UK junior Leni Gas & Oil (LGO) has axed its proposed tie-up with Italian explorer Pansoinco regarding assets in Spain.
The London-listed player said on Wednesday it is no longer looking to shop its assets, which include the producing Ayoluengo field and the prospective Hontomin field development.
LGO had in mid-March struck a partnership pact with Pansoinco for the exploration and development of multiple assets in the north of Spain.
Pansoinco was set to take over operatorship of the assets, as well as assume all operating and development costs, from 31 January 2017 under a heads of terms signed between the pair.
The Italian company was to gain a 65% stake in Leni Investments CPS, the holding company for Compania Petrolífera de Sedano that holds the assets, with LGO retaining the remaining 35%.
However, LGO said on Wednesday that is has terminated the negotiations and that it “is no longer actively seeking furter expressions of interest”.

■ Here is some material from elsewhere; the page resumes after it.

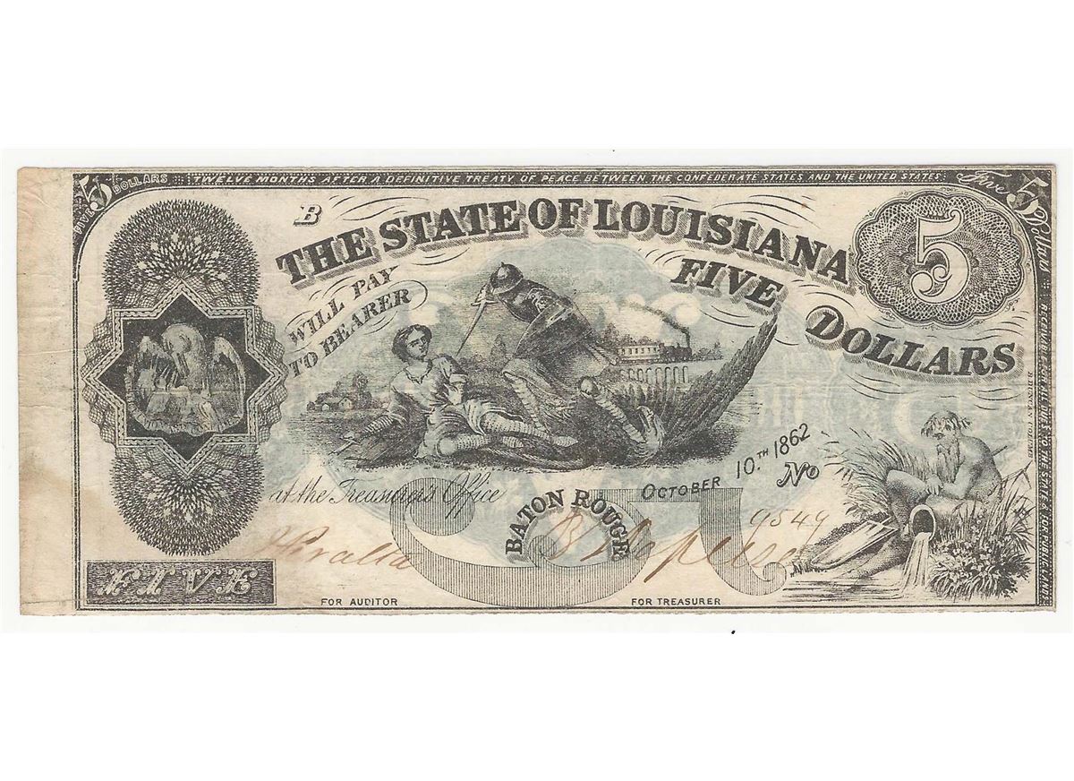One 1862 $5 The State of Louisiana Obsolete Bank Note.

Chief executive Neil Ritson explained: "In the light of the recently announced successful drilling and production results in Trinidad, the company has reassessed the benefits of the proposed partnership and is now firmly of the opinion that greater value can be obtained from the Spanish assets through LGO investing in additional well capacity in the period of 2016 to 2020, at a time when there is expected to be free cash flow available from the Company's operations in Trinidad."
LGO continued: “Immediate plans for the Spanish assets include the anticipated award of a production concession at Hontomin in 2014 and additional well maintenance and stimulation of the producing wells at Ayoluengo field.
“The Ayoluengo field remains profitable and the company is confident that its 2014 production forecast will be met.
It did add, however, that “strategic alliances (in Spain) have not been ruled out for the future”.
Shares in LGO were up more than 4% shortly after the announcement.